Friend and author Dan Alatorre is a diverse writer who runs a most interesting and entertaining blog. Dan’s blog is full of tips for writers, and he makes up some really neat writing challenges to throw in the mix.
Dan incorporates his natural sense of humour in all his posts, no matter how serious and informative the post is, that’s just Dan.
Today I’m reposting Dan’s 10 tips on doing author interviews.
“I can hear your collective groans from here. Stop it.
As an author, you will occasionally get to do interviews. As the shy, retiring type that most of you writers are, you won’t want to do them. As a marketer, you do want to do them! Interviews raise awareness of your product – the book you want to sell – but don’t be fooled. The TV stars you see being amazing in interviews on late night TV or the Ellen show didn’t just fall out of bed and hit a home run, being all charming and spontaneous and witty.
Luckily, most of the interviews you get to do will be by email or some other written version. (For some sample interview questions I put together, click HERE. Many are the typical stuff you’ll be asked; some are just me.)
Why is that lucky? Because radio and TV interviews are hard.
First, you will probably have to contact people to do an interview regardless of the medium; they don’t come out of the woodwork to track you down just cos you published a book. According to some radio people I spoke with, authors are alwaystrying to get interviewed – and trust me, doing radio is tough. Quiet spaces while you think of an answer seem like HOURS, and you react by trying to answer quickly – and usually too fast – so it isn’t your best answer and you aren’t happy with the result. The nervousness is noticeable in your voice. You sound like a gerbil.
TV is the same except they get to SEE you becoming a gerbil. That’s just… painful. . . “
Source: 10 Tips For Doing Your (Aaaaauuuugh) Author Interviews | Dan Alatorre – AUTHOR
Today I’m going to share a great website with you called Nosegraze.com. Ashley runs a fabulous blog there which is like a help site for all bloggers.
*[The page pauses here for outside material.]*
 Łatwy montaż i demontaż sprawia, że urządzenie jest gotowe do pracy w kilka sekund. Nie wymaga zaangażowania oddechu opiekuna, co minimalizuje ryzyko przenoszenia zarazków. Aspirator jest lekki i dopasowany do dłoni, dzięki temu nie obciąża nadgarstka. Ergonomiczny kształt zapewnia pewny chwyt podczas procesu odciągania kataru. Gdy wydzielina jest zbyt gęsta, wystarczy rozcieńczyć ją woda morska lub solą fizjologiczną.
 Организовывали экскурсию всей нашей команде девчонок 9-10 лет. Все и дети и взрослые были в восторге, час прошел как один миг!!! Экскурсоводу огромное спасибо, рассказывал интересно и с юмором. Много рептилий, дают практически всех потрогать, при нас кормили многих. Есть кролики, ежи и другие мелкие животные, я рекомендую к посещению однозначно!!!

She’s a web developer who, besides selling services such as coding, web design, themes, plugins, and so much more, blogs about wordpress and issues we can run into, as well as tricks of the trade to show us how to get the most out of our blogs.
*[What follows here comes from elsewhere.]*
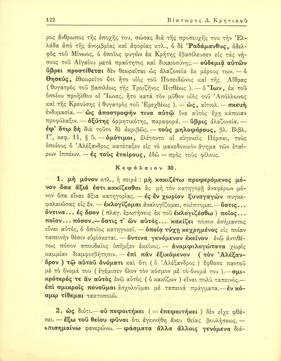 Αρριανός (Lucius Flavius Arrianus), Βίκτωρ Δ. Κρητικός (σχόλια)

In today’s post that I’m sharing, Ashley is talking about the importance of setting up a mailing list on our blogs.
3 Full-proof ways to grow your email list:
“I don’t care how hot Bloglovin’ or Feedly are, or even Twitter/Facebook/Periscope or whatever new social media is all the rage. The #1 subscription avenue you should be promoting is email. Above all others: email. Email is the best and most reliable way to get people to read your content. People check their email all […]” CONTINUE READING
Source: I Challenge You to Build Your Email List – Nose Graze
My friend and blogger extraordinaire Hugh Roberts has a diverse blog where he writes and shares some fantastic short stories, creates some fun and interesting blog challenges, he’s on the Annual Blogger Bash committee, and he also offers up some great advice in his latest series on how to become a successful blogger.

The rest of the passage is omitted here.